● INSTRUCTIONS TO FOLLOW
Transcribe only the lines in the data below falling between the line with "Rama florífera. B." and the line with "ガラストレイ 真鍮×ガラス 脚付", including those two lines, and leave out any picture.

● EXERCISE INPUT
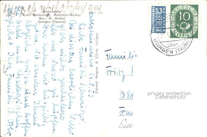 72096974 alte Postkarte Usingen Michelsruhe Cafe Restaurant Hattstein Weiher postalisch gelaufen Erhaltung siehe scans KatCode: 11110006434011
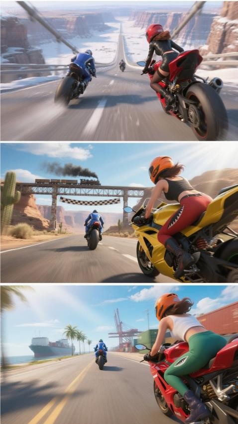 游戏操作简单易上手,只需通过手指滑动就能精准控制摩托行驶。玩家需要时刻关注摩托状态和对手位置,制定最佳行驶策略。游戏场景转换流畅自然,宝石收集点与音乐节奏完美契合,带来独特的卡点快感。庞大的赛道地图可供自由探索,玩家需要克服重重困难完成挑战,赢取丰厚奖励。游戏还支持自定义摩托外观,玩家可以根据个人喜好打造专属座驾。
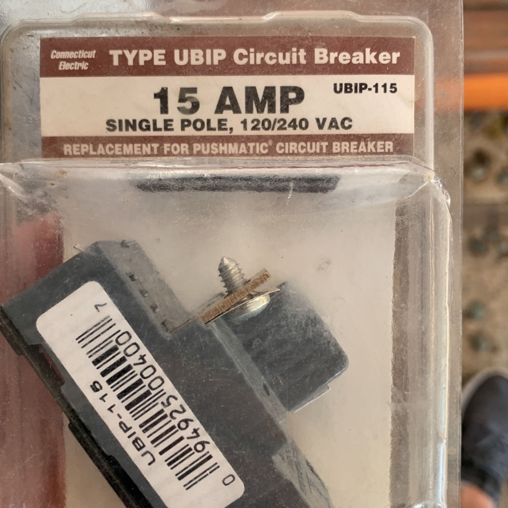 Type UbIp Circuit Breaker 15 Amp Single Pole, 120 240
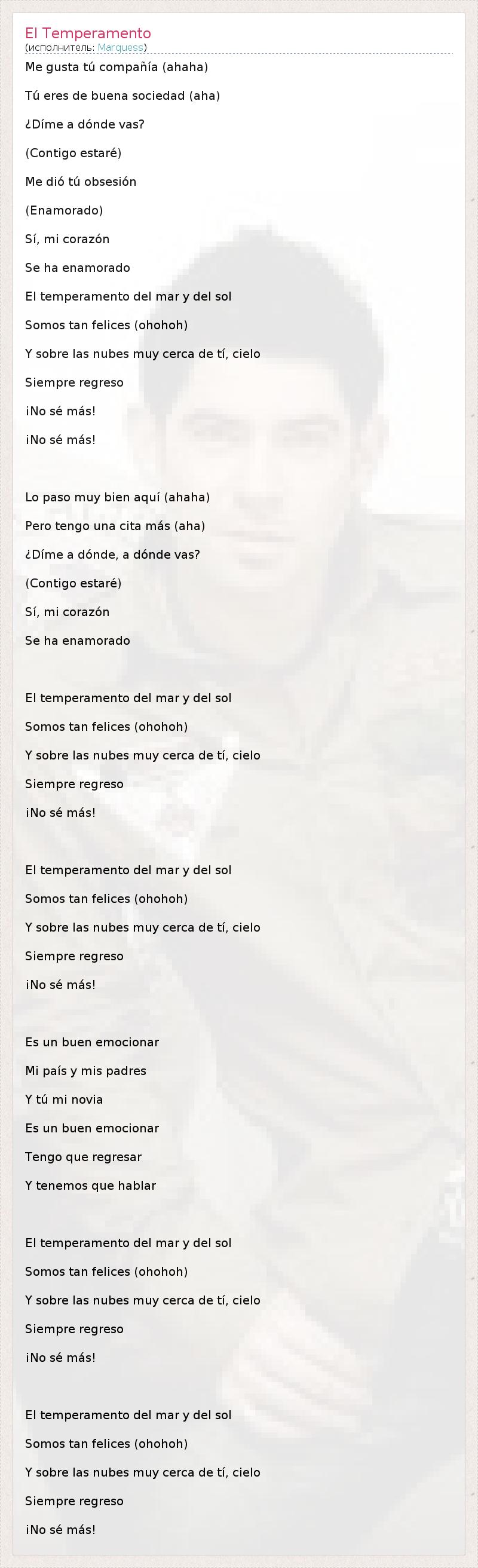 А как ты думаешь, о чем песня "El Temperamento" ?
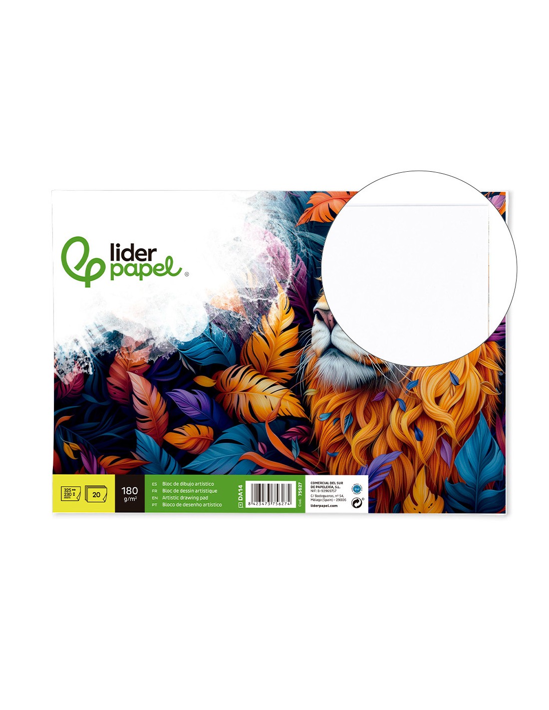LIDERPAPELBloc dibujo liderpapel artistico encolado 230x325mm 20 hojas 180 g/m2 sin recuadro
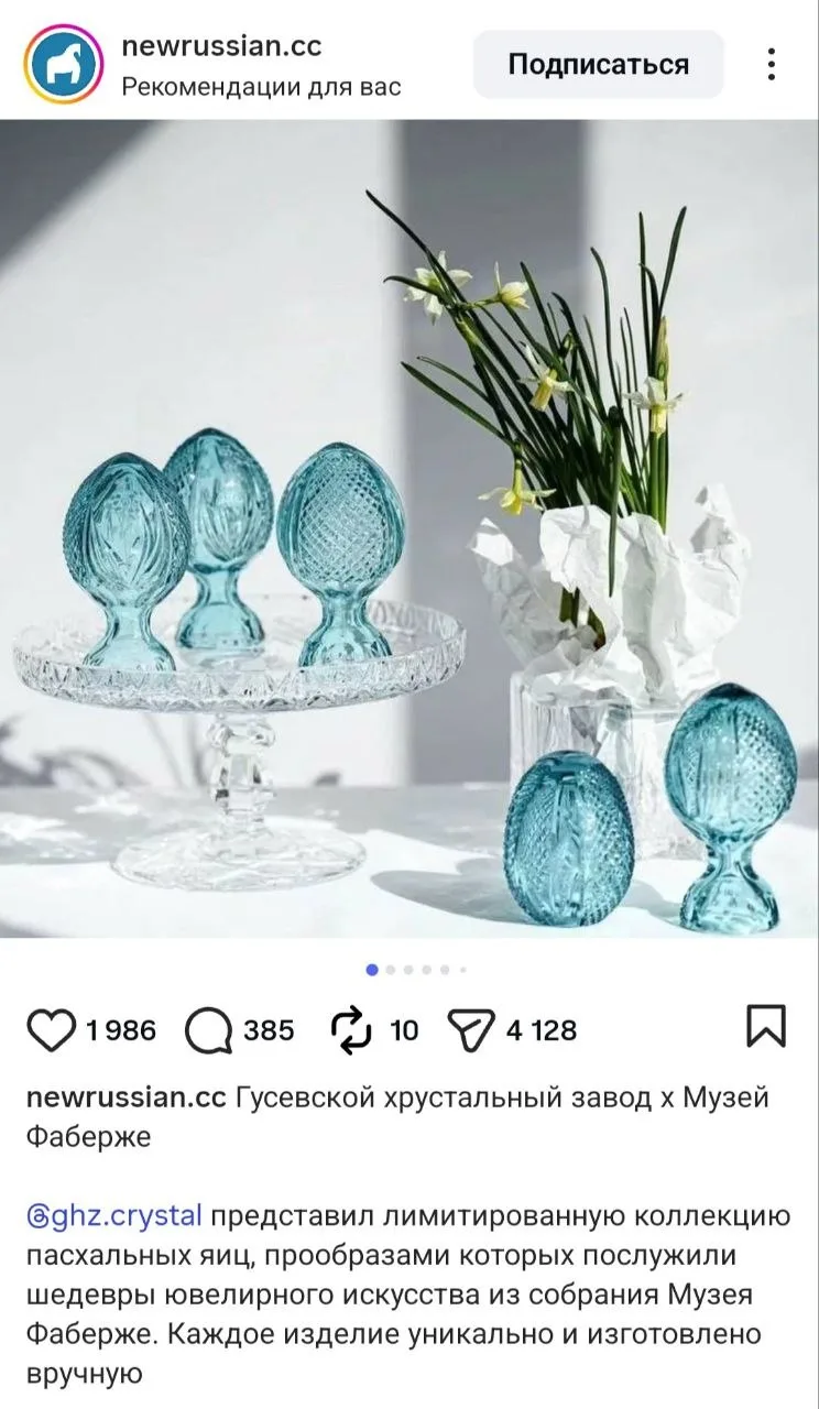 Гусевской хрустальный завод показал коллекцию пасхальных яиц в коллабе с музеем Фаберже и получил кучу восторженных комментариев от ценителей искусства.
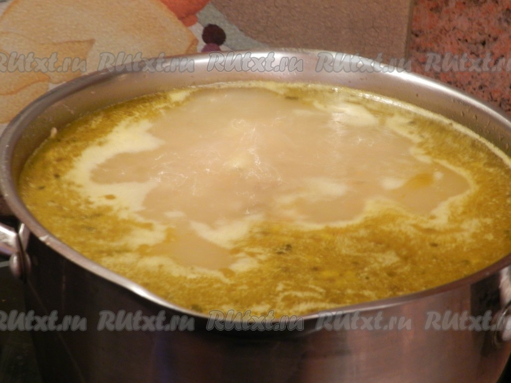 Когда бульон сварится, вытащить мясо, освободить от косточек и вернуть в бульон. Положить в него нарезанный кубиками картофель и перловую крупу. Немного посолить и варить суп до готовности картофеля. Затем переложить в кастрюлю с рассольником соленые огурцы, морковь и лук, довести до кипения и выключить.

...

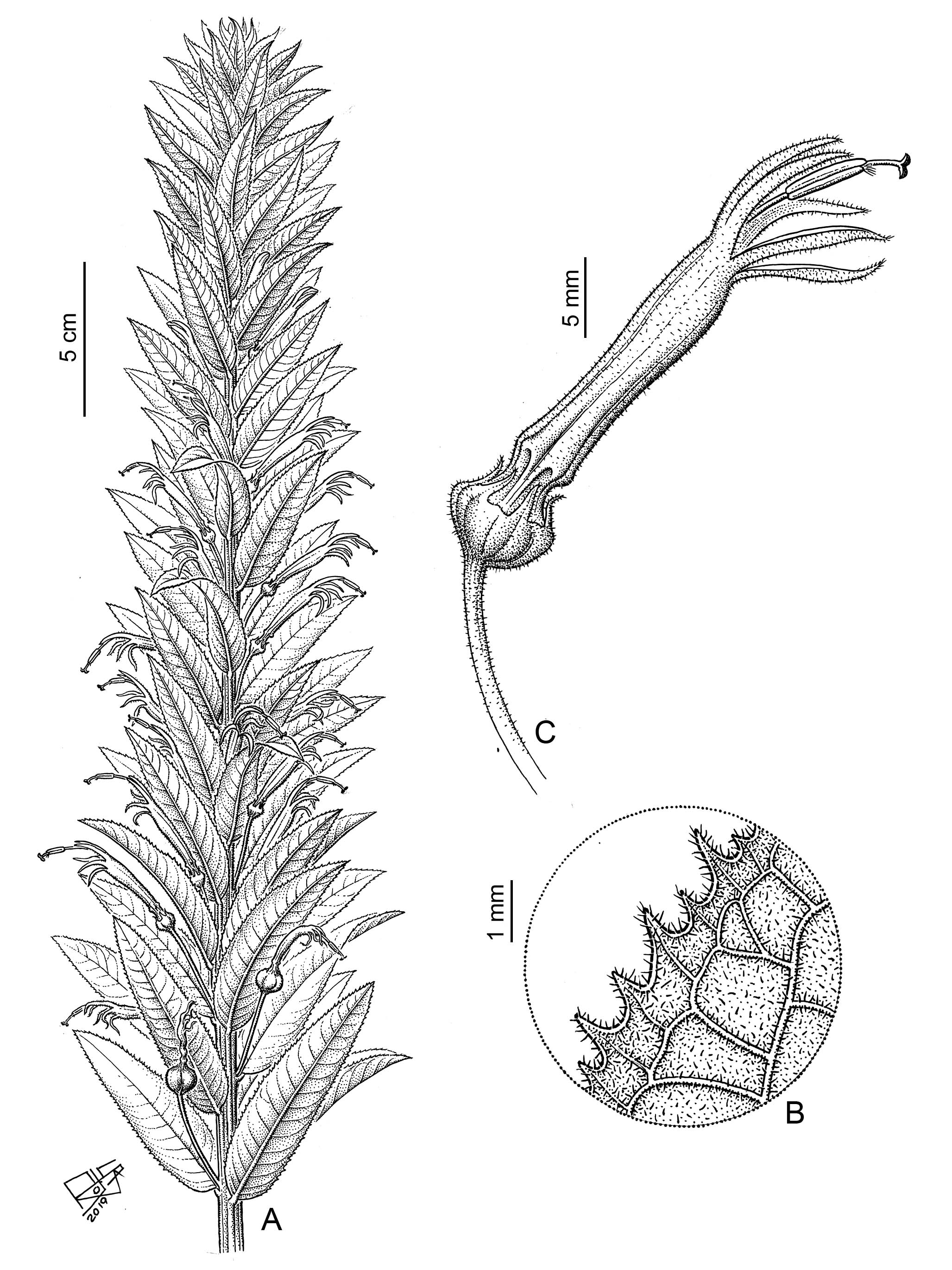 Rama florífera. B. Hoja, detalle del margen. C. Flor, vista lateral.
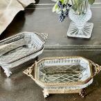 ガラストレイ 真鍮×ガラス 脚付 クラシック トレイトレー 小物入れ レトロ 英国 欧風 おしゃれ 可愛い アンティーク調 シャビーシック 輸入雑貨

* * *

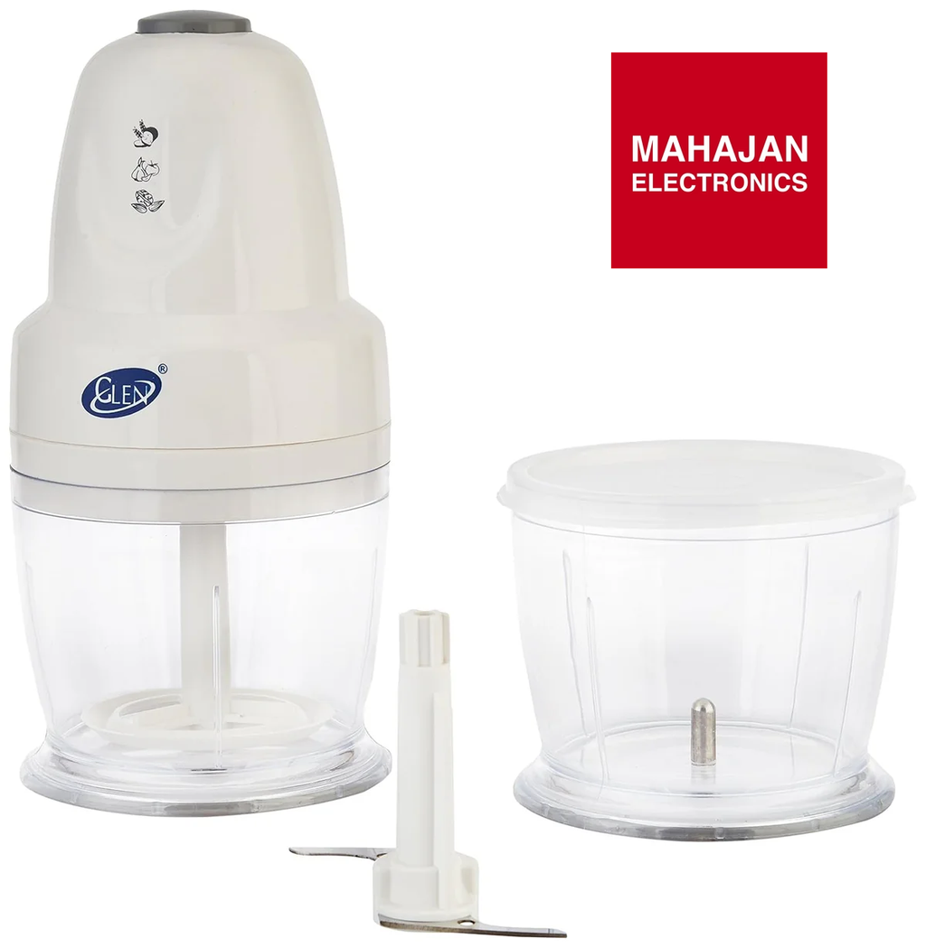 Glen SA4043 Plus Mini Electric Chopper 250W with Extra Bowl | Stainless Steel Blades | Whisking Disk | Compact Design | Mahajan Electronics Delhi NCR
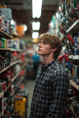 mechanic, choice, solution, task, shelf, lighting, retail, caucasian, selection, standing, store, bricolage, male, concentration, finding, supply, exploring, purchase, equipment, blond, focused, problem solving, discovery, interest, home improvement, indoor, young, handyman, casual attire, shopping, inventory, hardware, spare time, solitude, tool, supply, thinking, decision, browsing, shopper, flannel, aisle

● OUTPUT BELOW
 Rama florífera. B. Hoja, detalle del margen. C. Flor, vista lateral.
 ガラストレイ 真鍮×ガラス 脚付 クラシック トレイトレー 小物入れ レトロ 英国 欧風 おしゃれ 可愛い アンティーク調 シャビーシック 輸入雑貨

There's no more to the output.